Тем временем на берегу уже вовсю кипела работа. Пока рыцари успокаивали и седлали своих перепуганных насмерть лошадей, чтобы отправиться на разведку и проверить, свободны ли окрестности от неприятеля, столяры сгружали с галер тяжелые секции разборного, хорошо укрепленного замка и складывали их в заранее выбранном месте. Стук молотков и крики мастеров раздавались здесь с раннего утра и до позднего вечера, и все это время Ролло не отдыхал ни минуты, успев лишь перекусить черствым хлебом и сыром, запив эту нехитрую снедь затхлой водой из кожаного бурдюка. К концу дня он был истощен до предела и, устало опустившись на шерстяное покрывало, мгновенно уснул, едва успев закрыть глаза.
Следующее утро выдалось прохладным, и он перебрался поближе к костру, чтобы согреться. Глядя на огонь, вспоминал жену и ребенка. Ему крупно повезло с Эдит, женщиной не только красивой, но и умной. Задолго до женитьбы Ролло являлся одним из верных телохранителей короля Эдуарда, но именно привязанность к Эдит обеспечила ему почет, славу и продвижение по службе. Эдит была дочерью кузена короля, и, женившись на ней, Ролло с удивлением обнаружил, что обрел деньги и влияние при дворе.
Потом Эдуард умер, а Ролло оказался за пределами своего королевства как раз в то время, когда избрали нового короля. Разумеется, им стал Гарольд. Тогда никто не сомневался, что он самый могущественный претендент на королевский престол. Годвинсон давно стяжал славу покорителя Уэльса и прослыл наиболее удачливым военным предводителем в стране. Но Гарольд никогда не доверял Ролло, и тому ничего не светило в годы его правления. Так уж лучше попытаться завоевать королевство для другого человека, чем ждать милости от судьбы. Он должен приложить все свои силы и взять, что только можно.

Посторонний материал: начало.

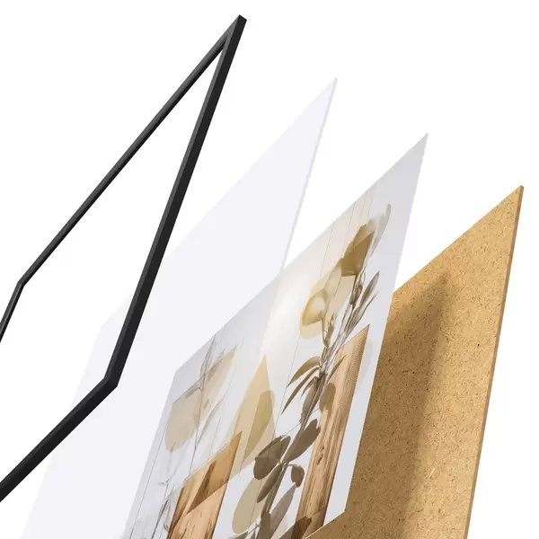 Plakat składa się z ramy, pleksi, wydrukowanego obrazu i podkładu z płyty wiórowej. Plakat można natychmiast zawiesić na ścianie dzięki uchwytom z tyłu.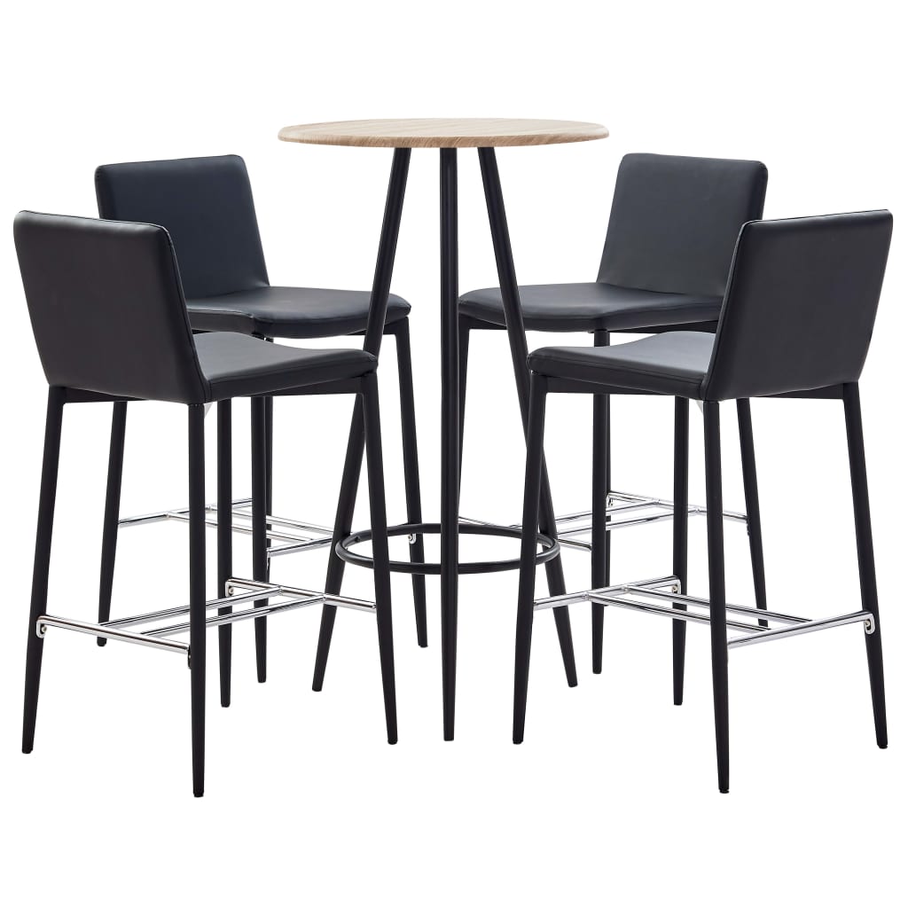 Denna bargrupp med modern design passar in i ett modern hem, trädgården, barer eller restauranger. Dess rena och samtida design kompletterar din inredning. Bordsskivan är tillverkad i MDF som är lätt att rengöra. Stativet med belagt stål bidrar till bordets stabilitet och hållbarhet. Pubstolarna har en ergonomiskt utformad sits med integrerat ryggstöd i ett modernt, böjt utseende. Dessutom är de lätta att montera. Vår bargrupp är optimal för att njuta av ett glas vin i baren, ta en mumsbit eller för att använda som extra sittplatser när du har gäster. Vid leverans ingår ett barbord och 4 barstolar.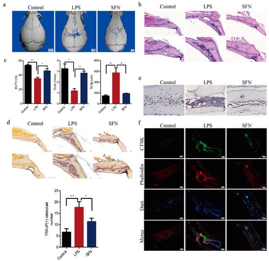 SFN protected against lipopolysaccharide (LPS)-induced calvarial bone destruction in mice. (a) Micro computed-tomography (CT) 3D reconstructed images. Calvarias were fixed, decalcified, dehydrated, embedded, and sectioned. (b) Representative hematoxylin-and-eosin (HE) staining images. (c) Microarchitectural parameter analysis: trabecular bone volume/total volume (BV/TV), trabecular number (Tb.N), and trabecular separation (Tb.Sp). (d) Representative tartrate-resistant acid phosphatase (TRAP) staining images showing osteoclastogenesis in each sample and corresponding statistics. (e) Representative IHC images locating CTSK. (f) Representative IF images of the distribution of CTSK (green). Phalloidin (red) indicates cytoskeleton and bone. DAPI (blue) was used to counterstain the nuclei. Values are mean ± SEM of three independent experiments; * p < 0.05, ** p < 0.01.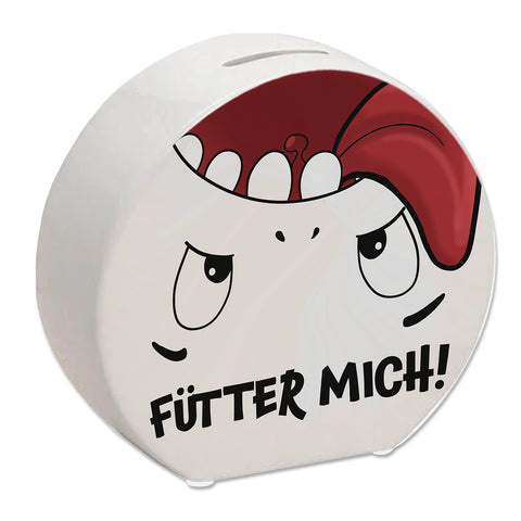 Spardose mit Comicfigur und lustigem Spruch - Fütter mich!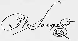 On December 15, 1891, Sargent married Rose Littlefield, the adopted daughter of Hiram Corey, in Salinas.[5] The couple had three children. Sargent served as the grand vice chancellor of the Knights of Pythias and is also affiliated with the Benevolent and Protective Order of Elks, Native Sons of the Golden West, Fraternal Brotherhood, and other organizations.[1]

Вильгельм предъявил законные права на престол, поскольку Гарольд являлся его вассалом. За два года до этого граф Ги де Понтье потопил судно Гарольда и захватил его в плен, надеясь получить большой выкуп. Однако Вильгельм взял Гарольда под свою защиту и приказал графу освободить пленника, а за время пребывания последнего под своей опекой вынудил его принести клятву вассальной верности. Конечно, клятва верности, принесенная под давлением, не имела законной силы, но Вильгельм был уверен в успехе начатого дела. Он упорно прокладывал путь к власти, жестоко устраняя всех неугодных и казня заговорщиков. Он считал, что власть следует употреблять по назначению, а не просто лелеять и ревниво охранять.
Эдит и их ребенок нуждаются в надежном и безбедном будущем, и единственная возможность обеспечить им и то и другое находится здесь, в Пивенси, в сражении за Вильгельма.
Сын Брэна Дадда никогда не был женат. После смерти отца, вся вина за которую легла на этого глупца Брэду, который поймал ту злосчастную дикую кошку, их семья оказалась в крайней нужде. Дадда остался с матерью, чтобы поддержать ее в трудную минуту, а Брэда вскоре покинул семью и отправился на побережье в поисках хоть какого-нибудь судна, на котором можно было бы заработать немного денег и тем самым искупить свою вину.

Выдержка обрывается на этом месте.